Here. My comments follow each quote.

Quantitative easing (QE) is when the Fed “prints money” — really just bytes in Fed and Treasury electronic bank accounts — to buy longer term bonds, either Treasuries or mortgage bonds with the goal of lowering interest rates and stimulating more economic activity. They’ve done two rounds so far and estimates suggest they lowered long term interest rates by somewhere between 60 basis points (0.60 of a percentage point) to more than 1%. (Scholars of intermediate macro: they’re pushing out the LM curve!)

Were the two QE programs worth the cost? The Fed’s balance sheet has increased dramatically. What is it going to do with those bonds? Inflation usually results when the Fed “prints money”, aka monetizing the debt. Maybe that will occur in a few years, but it seems unwise to create a problem later by solving a problem now. That’s basic politics and I’m sick of it.

First off, faster inflation lowers the real interest rate — that’s the nominal rate minus inflation. So if a business is thinking of building a new factory, and the interest rate on the loan it needs is 4% and inflation is 3%, then the real rate faced by the borrower is 1%. That’s especially germane right now with corporations sitting on fat cash reserves. A little more inflation in the system could nudge them off of the sidelines.

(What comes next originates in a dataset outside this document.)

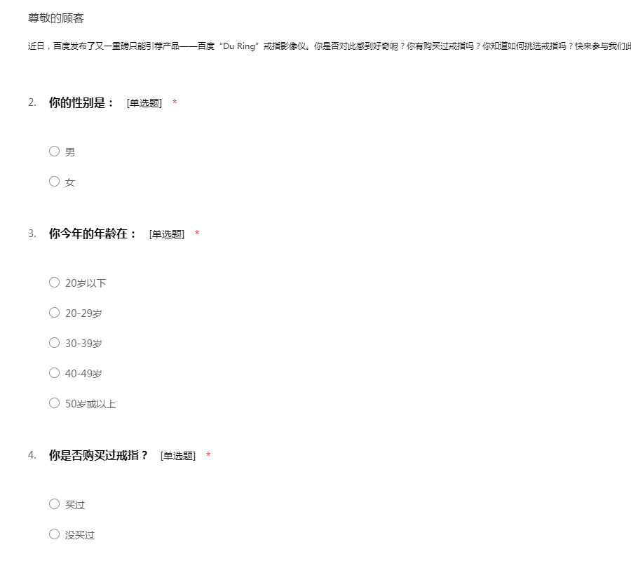 近日,百度发布了又一重磅只能引荐产品——百度“Du Ring”戒指影像仪。你是否对此感到好奇呢?你有购买过戒指吗?你知道如何挑选戒指吗?快来参与我们此次的问卷调查,把你的看法留下吧!

In other words, the true cost of building the factory is distorted — it is lower than what it should be. The price of borrowing money is distorted. That could lead to overinvestment. This hypothetical factory needs to be built based on what the corporation thinks potential customers will buy. Does Mr. Bernstein think having corporations spend their cash reserves based on distorted financing costs increases wealth? It might temporarily create jobs but the corporation would not earn a return on the investment in the factory. The factory would end up with a white elephant.  This is what politicians do when they agree to build sports stadiums, and airports that don’t get used.

That said, a commenter the other day raised a good question about this: how can I, as someone who actively worries about real wage losses, advocate higher inflation, which all else equal, means lower real wages?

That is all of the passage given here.